Records shown:

------------------------------------

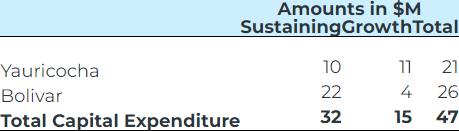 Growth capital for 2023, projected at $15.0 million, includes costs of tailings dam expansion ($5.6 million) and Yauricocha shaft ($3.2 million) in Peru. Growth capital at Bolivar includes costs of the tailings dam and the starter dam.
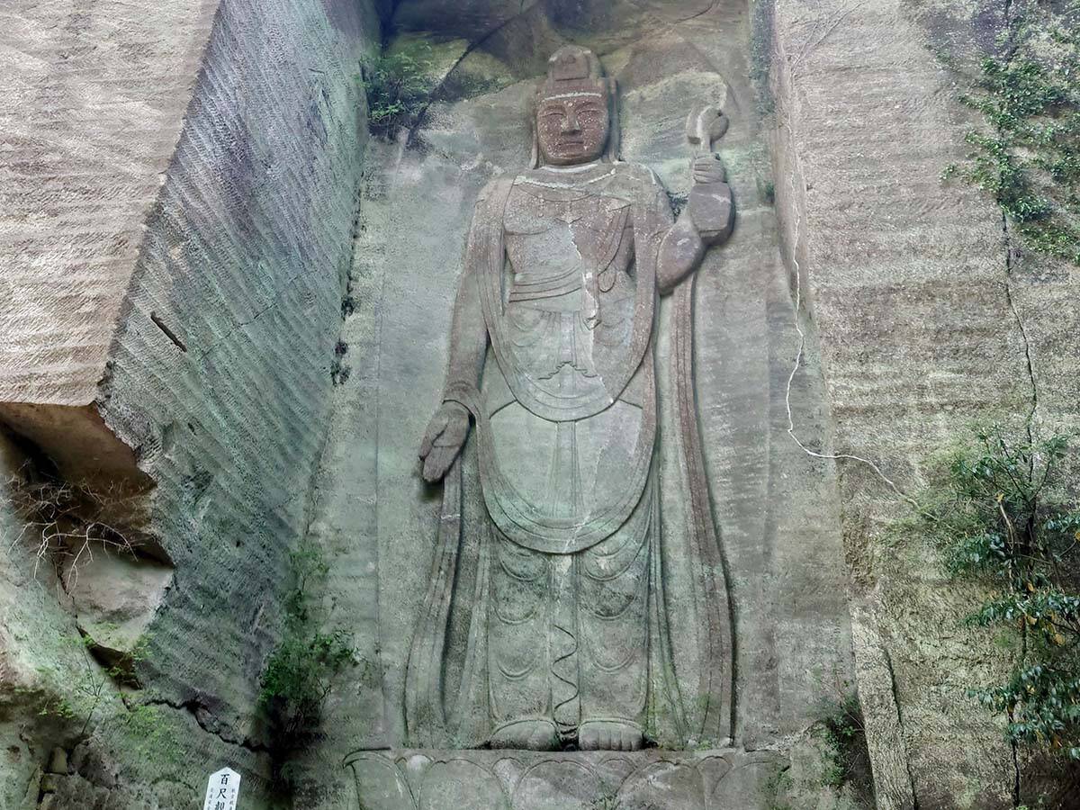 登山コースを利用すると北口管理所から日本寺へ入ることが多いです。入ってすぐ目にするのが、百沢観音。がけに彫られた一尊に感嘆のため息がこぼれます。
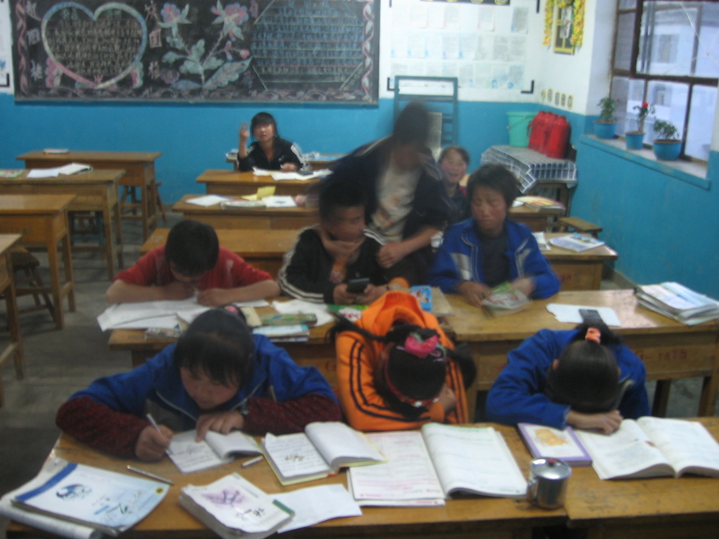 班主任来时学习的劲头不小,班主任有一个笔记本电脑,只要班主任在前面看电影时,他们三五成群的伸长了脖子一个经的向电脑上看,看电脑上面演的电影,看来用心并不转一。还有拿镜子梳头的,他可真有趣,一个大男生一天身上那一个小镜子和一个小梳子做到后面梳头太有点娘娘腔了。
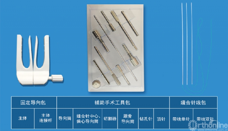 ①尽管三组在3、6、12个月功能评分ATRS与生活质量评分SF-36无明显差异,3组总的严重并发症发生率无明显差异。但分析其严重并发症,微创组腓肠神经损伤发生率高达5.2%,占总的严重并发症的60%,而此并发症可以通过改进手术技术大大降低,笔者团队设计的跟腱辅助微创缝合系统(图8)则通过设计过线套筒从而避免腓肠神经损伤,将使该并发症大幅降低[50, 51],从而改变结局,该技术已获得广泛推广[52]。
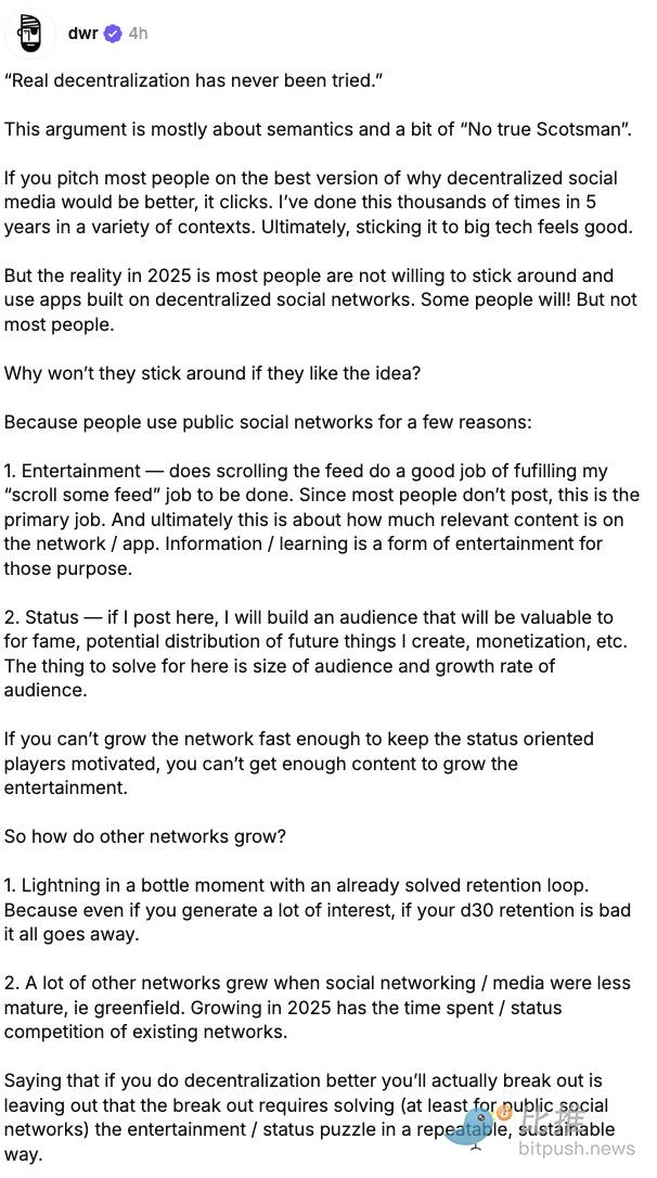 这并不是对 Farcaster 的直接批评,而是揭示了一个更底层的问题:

------------------------------------

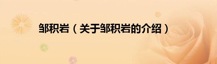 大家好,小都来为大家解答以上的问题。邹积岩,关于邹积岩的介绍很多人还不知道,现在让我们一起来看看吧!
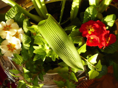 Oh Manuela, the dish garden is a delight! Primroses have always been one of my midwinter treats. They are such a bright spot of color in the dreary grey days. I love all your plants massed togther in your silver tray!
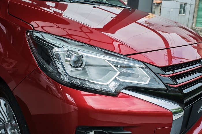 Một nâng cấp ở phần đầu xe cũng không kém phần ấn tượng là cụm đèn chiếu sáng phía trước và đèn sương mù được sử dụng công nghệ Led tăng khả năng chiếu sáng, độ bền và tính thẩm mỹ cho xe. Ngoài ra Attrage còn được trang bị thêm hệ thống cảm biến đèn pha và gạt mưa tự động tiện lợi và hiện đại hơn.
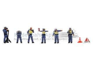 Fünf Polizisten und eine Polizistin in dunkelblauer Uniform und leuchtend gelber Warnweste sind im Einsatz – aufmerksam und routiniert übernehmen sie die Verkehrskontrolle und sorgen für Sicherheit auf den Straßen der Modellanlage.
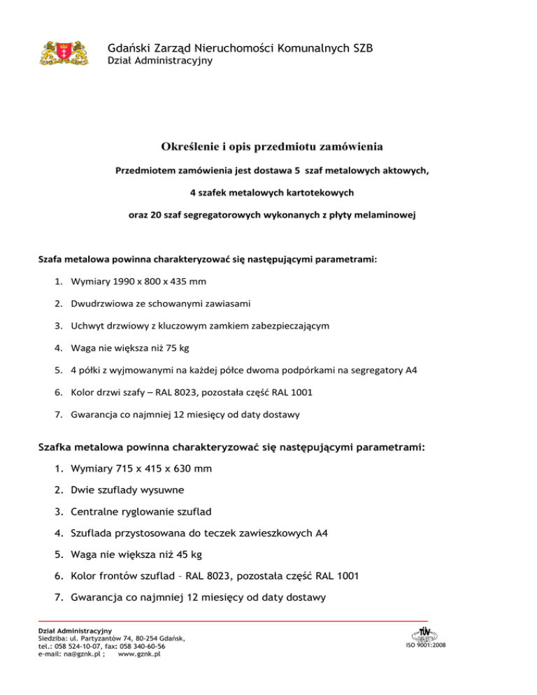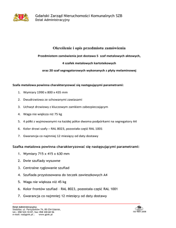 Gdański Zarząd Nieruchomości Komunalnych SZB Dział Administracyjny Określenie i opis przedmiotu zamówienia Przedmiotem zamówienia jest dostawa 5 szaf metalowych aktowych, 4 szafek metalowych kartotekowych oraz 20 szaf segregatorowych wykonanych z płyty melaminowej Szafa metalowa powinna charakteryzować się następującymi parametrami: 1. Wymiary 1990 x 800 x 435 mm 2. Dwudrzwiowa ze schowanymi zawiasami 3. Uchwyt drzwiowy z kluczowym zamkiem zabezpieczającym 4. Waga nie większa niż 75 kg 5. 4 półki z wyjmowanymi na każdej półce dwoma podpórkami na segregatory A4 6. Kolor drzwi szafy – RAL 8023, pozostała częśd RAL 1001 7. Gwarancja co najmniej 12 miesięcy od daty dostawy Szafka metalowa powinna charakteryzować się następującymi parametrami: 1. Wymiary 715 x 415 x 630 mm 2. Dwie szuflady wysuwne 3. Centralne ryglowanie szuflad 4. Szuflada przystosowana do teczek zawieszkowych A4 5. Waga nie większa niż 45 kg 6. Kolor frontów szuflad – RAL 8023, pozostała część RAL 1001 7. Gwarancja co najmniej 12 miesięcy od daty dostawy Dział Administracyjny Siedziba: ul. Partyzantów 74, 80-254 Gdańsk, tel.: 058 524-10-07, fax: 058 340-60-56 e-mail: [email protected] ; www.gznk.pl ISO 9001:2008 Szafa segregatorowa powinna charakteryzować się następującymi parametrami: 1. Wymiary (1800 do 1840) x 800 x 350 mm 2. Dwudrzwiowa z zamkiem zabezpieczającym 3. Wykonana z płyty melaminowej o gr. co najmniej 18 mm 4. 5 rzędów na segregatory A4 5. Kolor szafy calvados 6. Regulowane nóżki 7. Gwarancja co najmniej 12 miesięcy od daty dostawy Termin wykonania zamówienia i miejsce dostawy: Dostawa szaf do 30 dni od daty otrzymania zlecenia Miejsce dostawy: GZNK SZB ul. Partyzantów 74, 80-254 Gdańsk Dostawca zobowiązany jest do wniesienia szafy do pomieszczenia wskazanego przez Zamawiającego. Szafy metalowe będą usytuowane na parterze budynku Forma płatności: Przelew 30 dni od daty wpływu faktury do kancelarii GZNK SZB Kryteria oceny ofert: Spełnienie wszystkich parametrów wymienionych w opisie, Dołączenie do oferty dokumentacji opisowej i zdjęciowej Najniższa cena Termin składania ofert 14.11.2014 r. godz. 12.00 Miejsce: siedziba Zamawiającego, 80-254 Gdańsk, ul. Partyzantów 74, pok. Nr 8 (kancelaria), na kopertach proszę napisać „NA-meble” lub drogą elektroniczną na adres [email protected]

------------------------------------

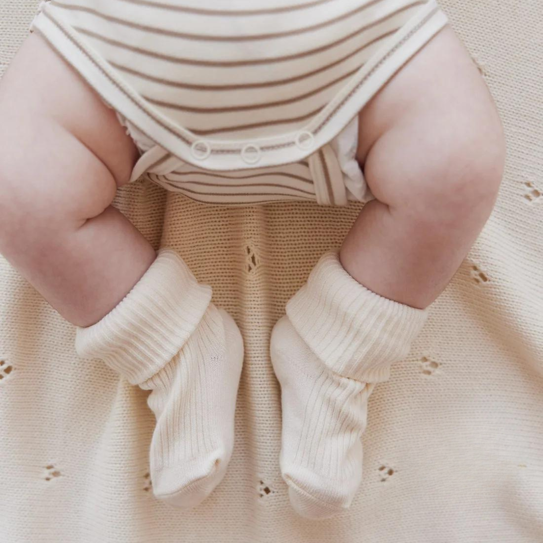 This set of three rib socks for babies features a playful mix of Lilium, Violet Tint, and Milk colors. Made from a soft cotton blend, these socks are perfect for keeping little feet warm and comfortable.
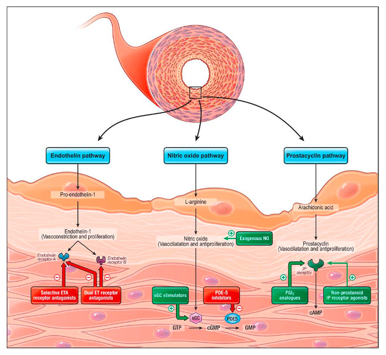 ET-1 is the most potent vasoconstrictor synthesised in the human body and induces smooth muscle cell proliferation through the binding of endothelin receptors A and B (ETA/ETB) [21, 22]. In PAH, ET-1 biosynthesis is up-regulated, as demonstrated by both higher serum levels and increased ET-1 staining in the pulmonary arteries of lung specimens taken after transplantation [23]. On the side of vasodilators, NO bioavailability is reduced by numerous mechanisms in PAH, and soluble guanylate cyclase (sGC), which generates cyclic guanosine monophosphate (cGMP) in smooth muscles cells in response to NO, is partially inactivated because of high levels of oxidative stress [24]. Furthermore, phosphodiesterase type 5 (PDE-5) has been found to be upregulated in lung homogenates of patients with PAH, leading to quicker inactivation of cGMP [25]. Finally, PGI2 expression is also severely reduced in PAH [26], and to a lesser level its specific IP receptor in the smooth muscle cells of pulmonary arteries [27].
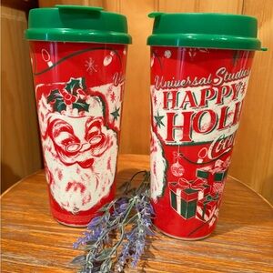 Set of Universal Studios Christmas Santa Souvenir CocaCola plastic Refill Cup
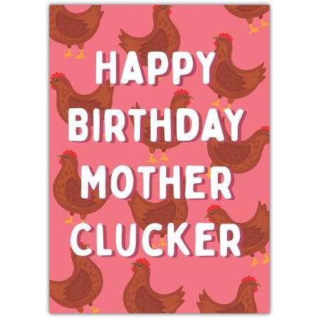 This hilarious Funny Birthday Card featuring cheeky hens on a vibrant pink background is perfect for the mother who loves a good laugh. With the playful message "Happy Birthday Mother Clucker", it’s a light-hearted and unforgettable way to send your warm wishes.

------------------------------------

What needs to be done: What's needed is an exact copy of the records above from the line containing "Oh Manuela, the" down to the line containing "Một nâng cấp", both included, without any pictures.

Response below:
 Oh Manuela, the dish garden is a delight! Primroses have always been one of my midwinter treats. They are such a bright spot of color in the dreary grey days. I love all your plants massed togther in your silver tray!
 Một nâng cấp ở phần đầu xe cũng không kém phần ấn tượng là cụm đèn chiếu sáng phía trước và đèn sương mù được sử dụng công nghệ Led tăng khả năng chiếu sáng, độ bền và tính thẩm mỹ cho xe. Ngoài ra Attrage còn được trang bị thêm hệ thống cảm biến đèn pha và gạt mưa tự động tiện lợi và hiện đại hơn.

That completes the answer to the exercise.